Stored dataset items:
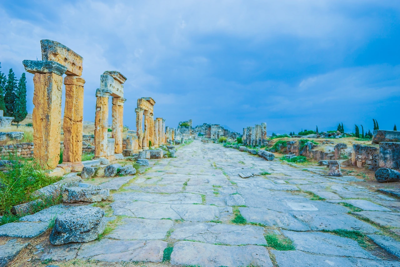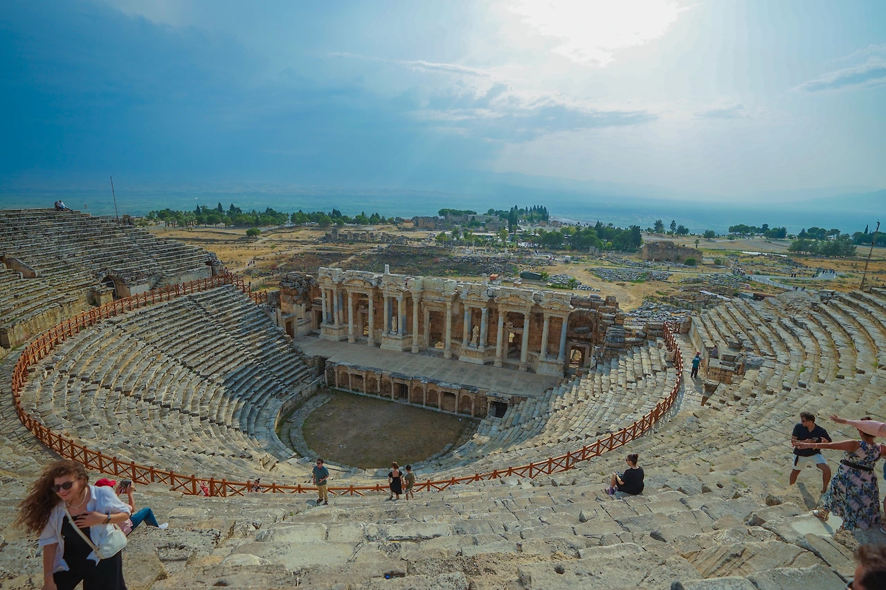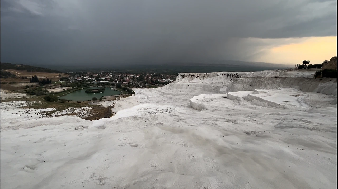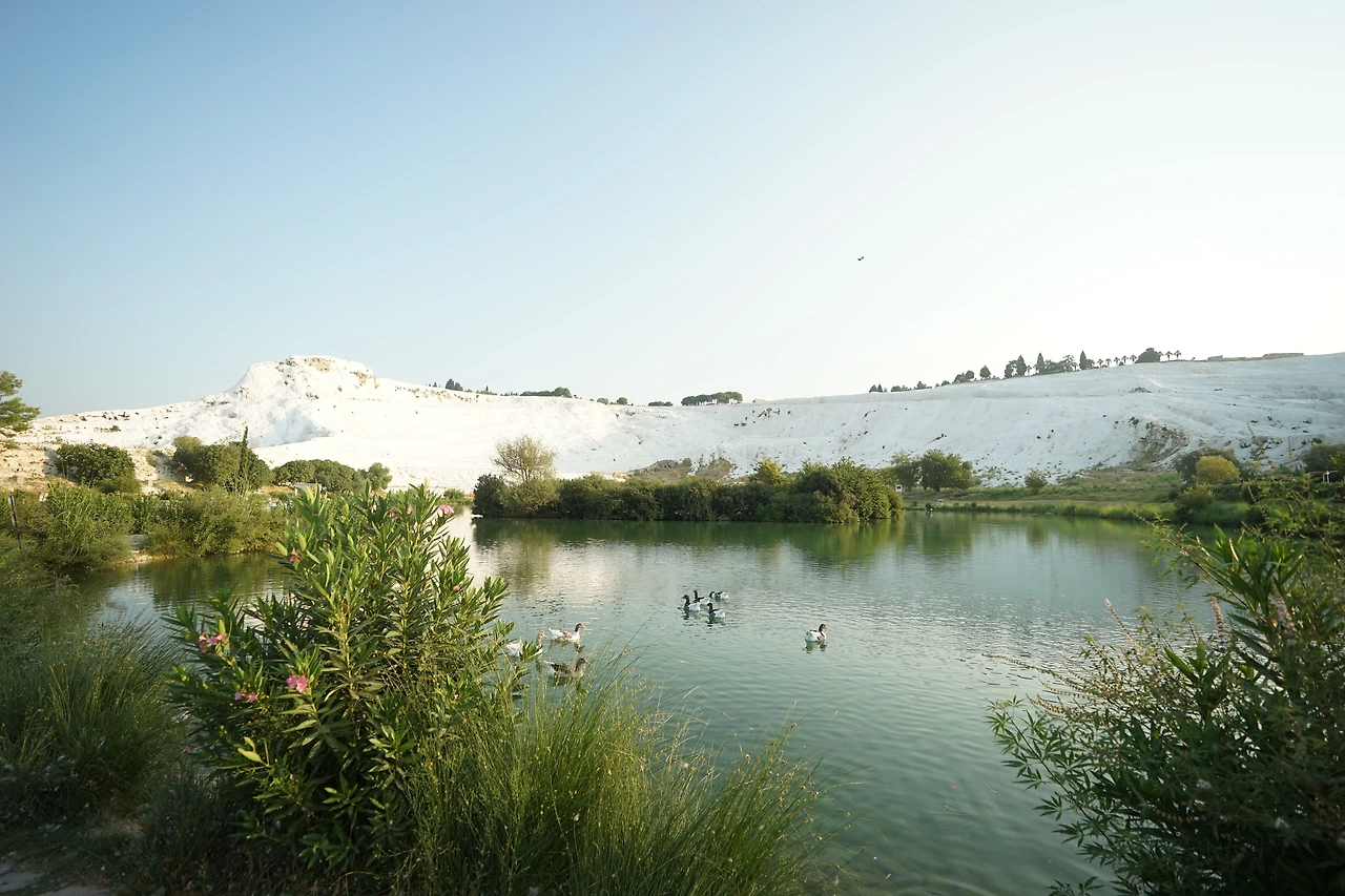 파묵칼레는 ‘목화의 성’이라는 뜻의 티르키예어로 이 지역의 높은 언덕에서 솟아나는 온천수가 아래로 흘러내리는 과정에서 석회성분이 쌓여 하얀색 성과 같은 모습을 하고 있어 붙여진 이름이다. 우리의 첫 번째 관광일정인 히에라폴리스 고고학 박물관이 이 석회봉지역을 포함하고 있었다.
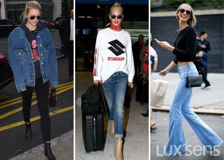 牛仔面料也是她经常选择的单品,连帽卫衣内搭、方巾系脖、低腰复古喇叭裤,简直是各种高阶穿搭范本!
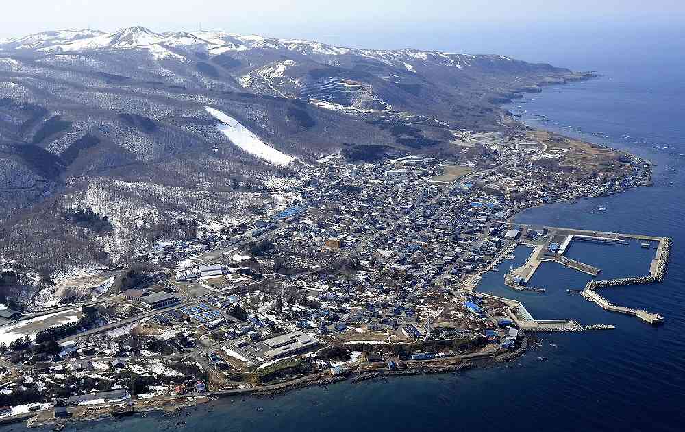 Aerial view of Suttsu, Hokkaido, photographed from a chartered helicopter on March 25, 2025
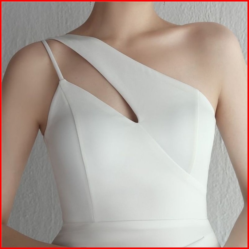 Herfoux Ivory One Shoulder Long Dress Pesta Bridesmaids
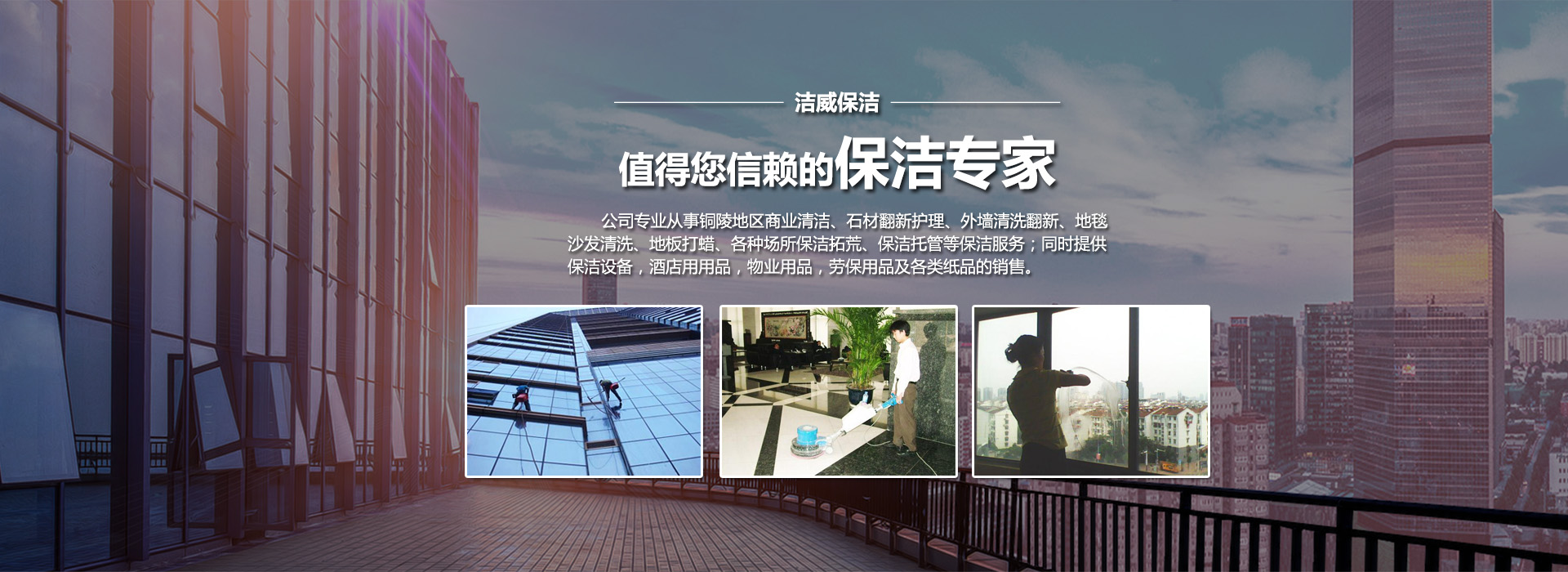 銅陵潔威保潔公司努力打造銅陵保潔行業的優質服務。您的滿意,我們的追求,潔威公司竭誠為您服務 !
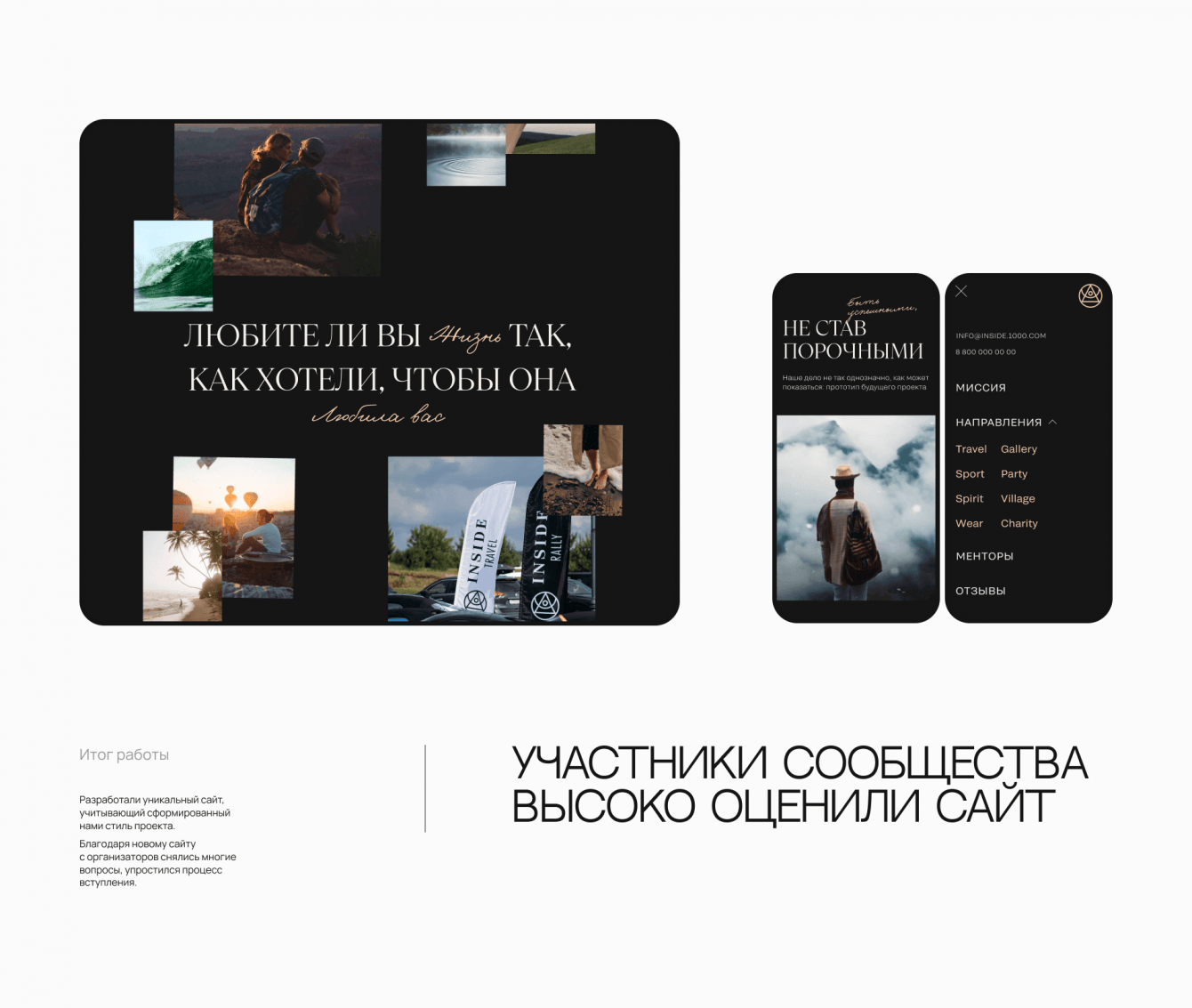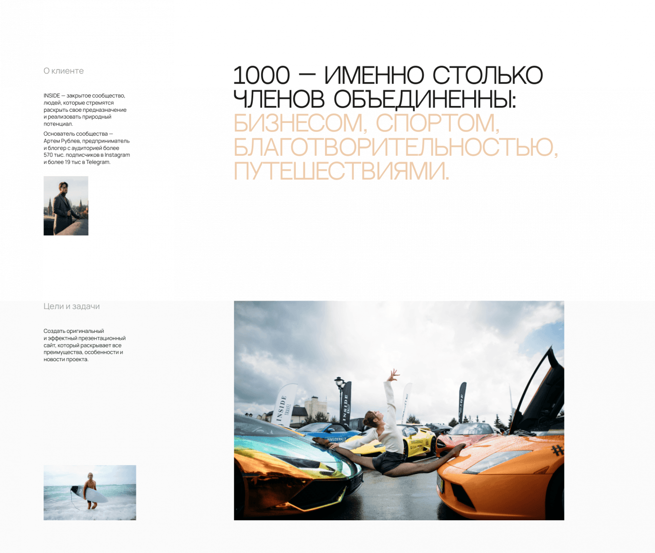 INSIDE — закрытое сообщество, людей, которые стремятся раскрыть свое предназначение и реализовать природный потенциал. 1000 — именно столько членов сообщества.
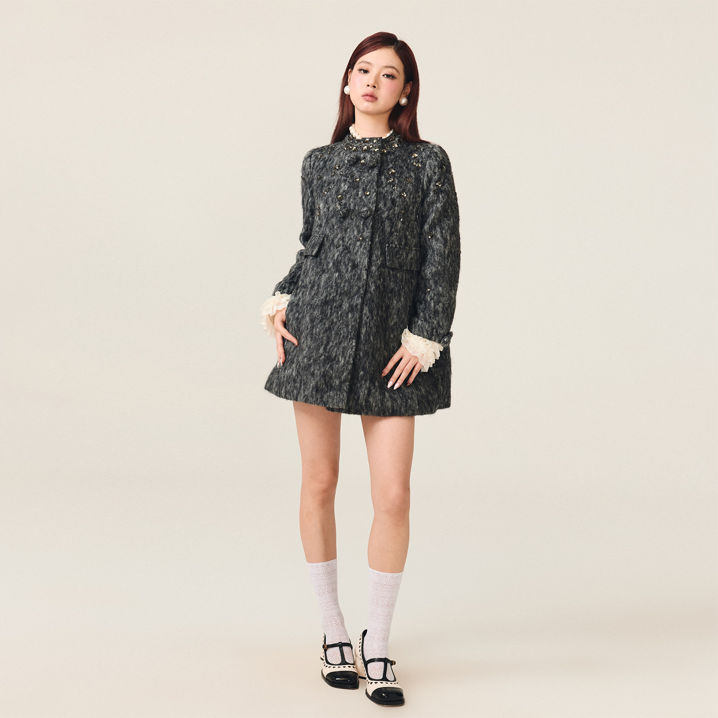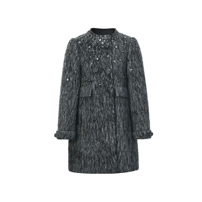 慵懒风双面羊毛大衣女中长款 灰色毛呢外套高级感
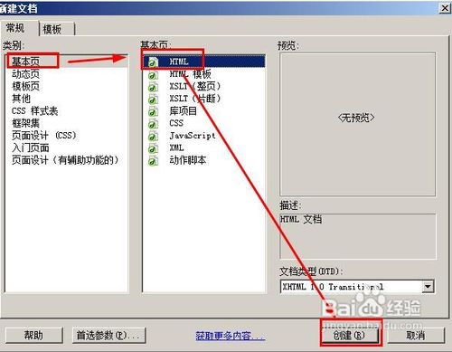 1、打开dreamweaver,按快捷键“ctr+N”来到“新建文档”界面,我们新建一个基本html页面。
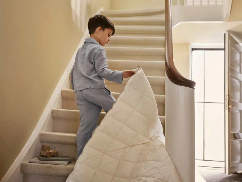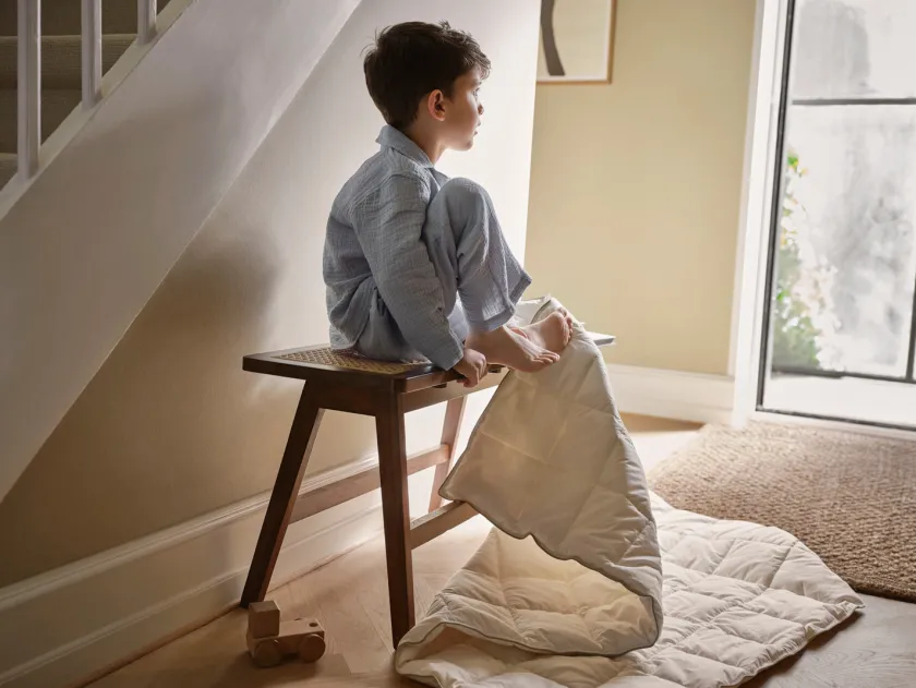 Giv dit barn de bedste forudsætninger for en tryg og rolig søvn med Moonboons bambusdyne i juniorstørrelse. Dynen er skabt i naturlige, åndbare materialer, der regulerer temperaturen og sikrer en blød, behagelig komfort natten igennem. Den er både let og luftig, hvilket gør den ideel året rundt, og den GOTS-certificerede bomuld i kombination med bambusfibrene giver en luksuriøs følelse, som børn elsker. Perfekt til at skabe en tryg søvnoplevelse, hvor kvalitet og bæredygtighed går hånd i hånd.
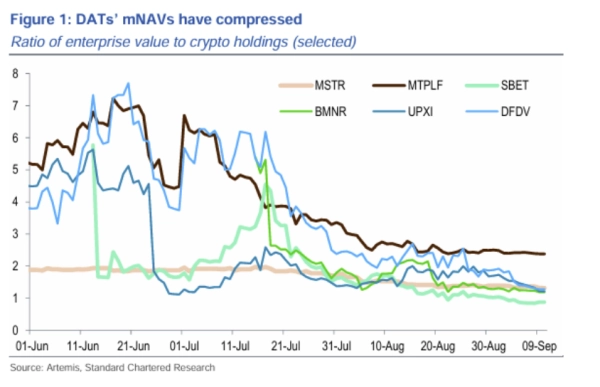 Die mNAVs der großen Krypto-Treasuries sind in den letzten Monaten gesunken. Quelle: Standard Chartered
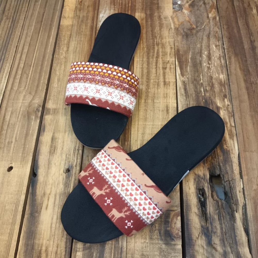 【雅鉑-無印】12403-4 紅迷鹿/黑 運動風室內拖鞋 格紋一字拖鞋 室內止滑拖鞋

### WHAT IS NEEDED
Without the pictures, write out every entry precisely as it appears.

### FINISHED TASK
 파묵칼레는 ‘목화의 성’이라는 뜻의 티르키예어로 이 지역의 높은 언덕에서 솟아나는 온천수가 아래로 흘러내리는 과정에서 석회성분이 쌓여 하얀색 성과 같은 모습을 하고 있어 붙여진 이름이다. 우리의 첫 번째 관광일정인 히에라폴리스 고고학 박물관이 이 석회봉지역을 포함하고 있었다.
 牛仔面料也是她经常选择的单品,连帽卫衣内搭、方巾系脖、低腰复古喇叭裤,简直是各种高阶穿搭范本!
 Aerial view of Suttsu, Hokkaido, photographed from a chartered helicopter on March 25, 2025
 Herfoux Ivory One Shoulder Long Dress Pesta Bridesmaids
 銅陵潔威保潔公司努力打造銅陵保潔行業的優質服務。您的滿意,我們的追求,潔威公司竭誠為您服務 !
 INSIDE — закрытое сообщество, людей, которые стремятся раскрыть свое предназначение и реализовать природный потенциал. 1000 — именно столько членов сообщества.
 慵懒风双面羊毛大衣女中长款 灰色毛呢外套高级感
 1、打开dreamweaver,按快捷键“ctr+N”来到“新建文档”界面,我们新建一个基本html页面。
 Giv dit barn de bedste forudsætninger for en tryg og rolig søvn med Moonboons bambusdyne i juniorstørrelse. Dynen er skabt i naturlige, åndbare materialer, der regulerer temperaturen og sikrer en blød, behagelig komfort natten igennem. Den er både let og luftig, hvilket gør den ideel året rundt, og den GOTS-certificerede bomuld i kombination med bambusfibrene giver en luksuriøs følelse, som børn elsker. Perfekt til at skabe en tryg søvnoplevelse, hvor kvalitet og bæredygtighed går hånd i hånd.
 Die mNAVs der großen Krypto-Treasuries sind in den letzten Monaten gesunken. Quelle: Standard Chartered
 【雅鉑-無印】12403-4 紅迷鹿/黑 運動風室內拖鞋 格紋一字拖鞋 室內止滑拖鞋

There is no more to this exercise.